#### [Work to be completed]
Your response should consist of the entries below, reproduced exactly and without their images.

================================

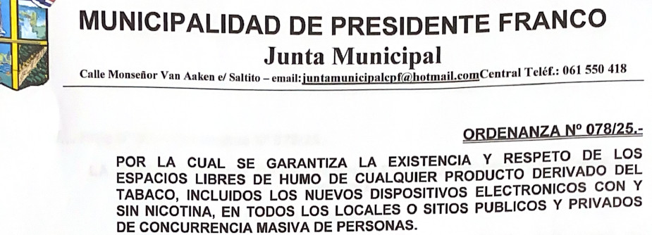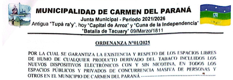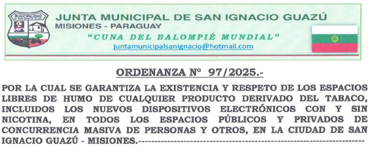 97 ORDENANZA 97-2025 LIBRE DE HUMO FUMAR CIGARRILLO SAN IGNACIO MISIONES
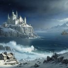 A serene landscape featuring a meandering river surrounded by misty trees. Autumn leaves add a splash of color, while dark clouds hint at an impending storm, creating a dramatic atmosphere.
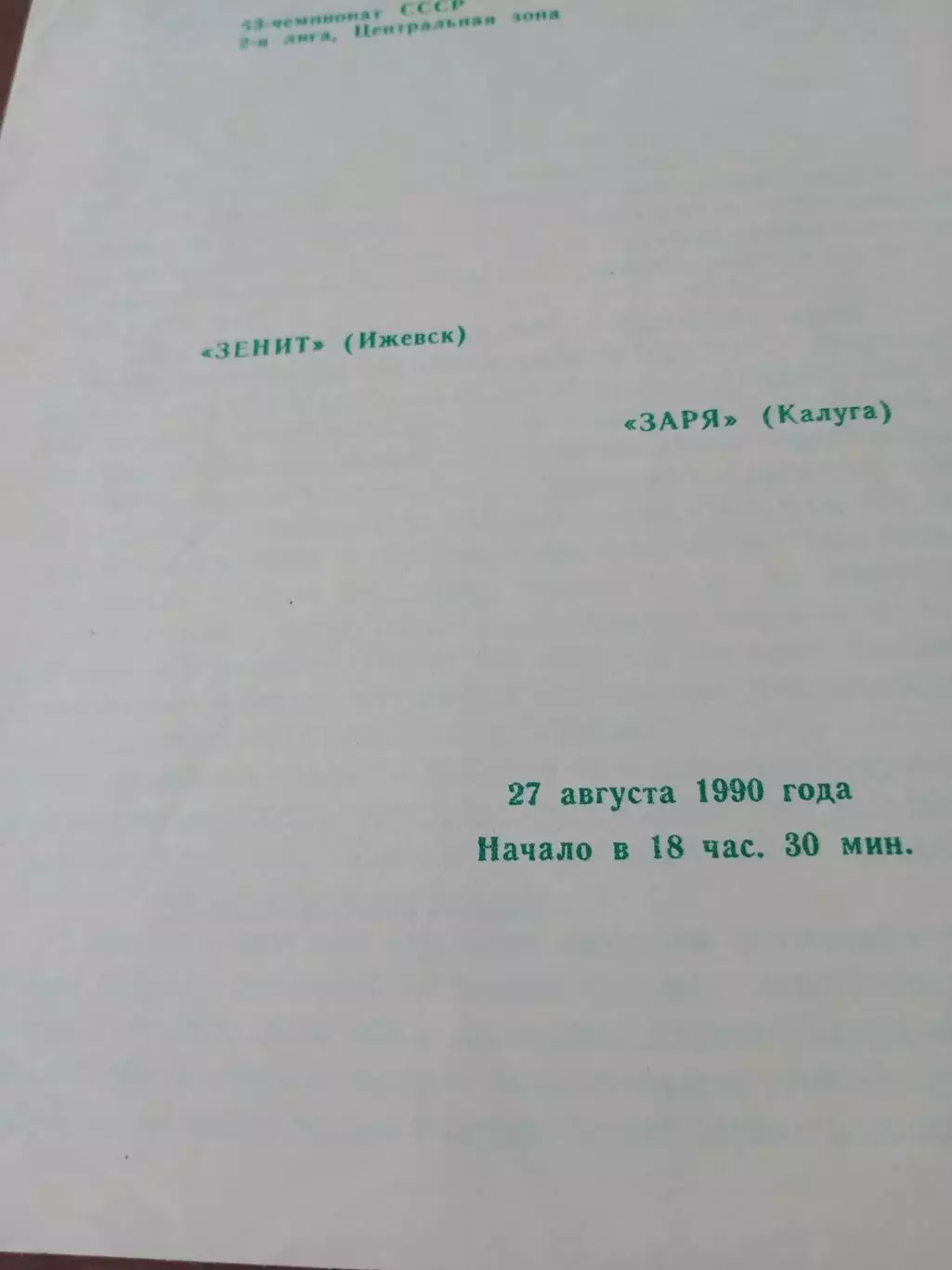 Зенит Ижевск - Заря Калуга. 27 августа 1990 год
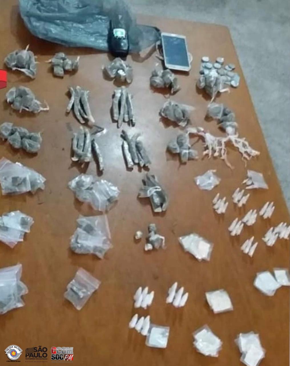 Sexta-feira (26), policiais militares do 26º Batalhão de Polícia Militar Metropolitano em patrulhamento pelo bairro Jardim Vassouras I,  visualizaram uma mulher em atitude suspeita. Com a aproximação da viatura, a suspeita tentou fugir dispensando uma sacola plástica, porém foi alcançada e abordada. Ao verificar o interior da sacola, a equipe localizou cocaína, maconha, crack e dinheiro. A criminosa foi encaminhada a Distrito Policial de Francisco Morato, onde permaneceu à disposição da Justiça.
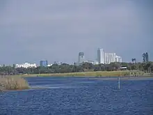 View of Downtown St. Petersburg from boardwalk over protected wetlands.

================================

#### [Solution to the exercise]
 97 ORDENANZA 97-2025 LIBRE DE HUMO FUMAR CIGARRILLO SAN IGNACIO MISIONES
 A serene landscape featuring a meandering river surrounded by misty trees. Autumn leaves add a splash of color, while dark clouds hint at an impending storm, creating a dramatic atmosphere.
 Зенит Ижевск - Заря Калуга. 27 августа 1990 год
 Sexta-feira (26), policiais militares do 26º Batalhão de Polícia Militar Metropolitano em patrulhamento pelo bairro Jardim Vassouras I,  visualizaram uma mulher em atitude suspeita. Com a aproximação da viatura, a suspeita tentou fugir dispensando uma sacola plástica, porém foi alcançada e abordada. Ao verificar o interior da sacola, a equipe localizou cocaína, maconha, crack e dinheiro. A criminosa foi encaminhada a Distrito Policial de Francisco Morato, onde permaneceu à disposição da Justiça.
 View of Downtown St. Petersburg from boardwalk over protected wetlands.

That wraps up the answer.